Municipals mostly unchanged; Wisconsin brings $259.68 million of transportation revenue bonds

By Sheri Kasprzak

New York, Feb. 6 - Muni yields were again mostly flat as secondary action was rather uninspired, said traders reached during the session.

"There's very little going on in secondary, especially given how much is being freed to trade," one trader said.

"It's frankly kind of pathetic out there today."

Most of the attention was on the primary market, where the bulk of the week's negotiated deals were pricing, including an offering from the Kentucky Asset/Liability Commission.

Treasury yields continue to rise, however, and with tax-free yields barely moving, municipal-to-Treasury ratios were little changed from last week, said Alan Schankel, managing director with Janney Montgomery Scott LLC.

"The new-issue slate was moderate in size and demand was solid, with several negotiated deals repriced to lower yields."

Wisconsin brings bonds

Among those bonds that repriced to lower yields was the State of Wisconsin's $259.68 million sale of series 2013-1 transportation revenue bonds (Aa2/AA+/AA+).

The yields were "lowered 7 bps in shorter maturities and 3 bps in 10 years compared to initial pricing levels," Schankel said Wednesday.

The bonds are due 2016 and 2018 to 2033 with 4% to 5% coupons.

Goldman Sachs & Co. and Ramirez & Co. Inc. were the senior managers.

Proceeds will finance state transportation and highway projects.

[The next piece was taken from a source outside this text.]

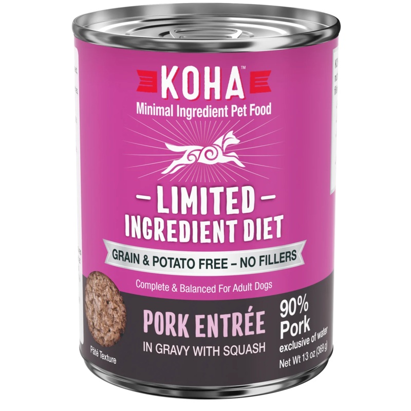 Koha Limited Ingredient Diet Pork Entre for DogsLimited Ingredient Diet Pork Entre for Dogs Ideal for extreme food sensitivities, sensitive stomachs, and digestive issues. Help your pet thrive with KOHA Limited Ingredient Diet Pork Entre for Dogs. With onl

Kentucky Asset deal prices

In other primary action, the Kentucky Asset/Liability Commission sold $153.29 million of series 2013 taxable general fund first series funding notes, said a pricing sheet.

The bonds (Aa3/A+/A+) were sold through Morgan Stanley & Co. LLC.

The bonds are due 2014 to 2023 with 0.654% to 2.998% coupons, all priced at par.

Proceeds will be used to fund an obligation to the Teachers' Retirement System of Kentucky.

Moody's lifts San Francisco

Moving to ratings news, Moody's Investors Service lifted San Francisco's rating to Aa1 from Aa2.

"The rating agency cited a large tax base, wealthy populace, recovering housing market and strong fiscal position," Schankel said.

"Unlike some other areas of the state, San Francisco was minimally impacted by falling real estate values during the recession."

Moody's also upgraded Ventura County to Aa1 from Aa2.

"In addition to a stable property tax base, the county was cited as having an exceptional record of sound financial management through the economic downturn," Schankel said.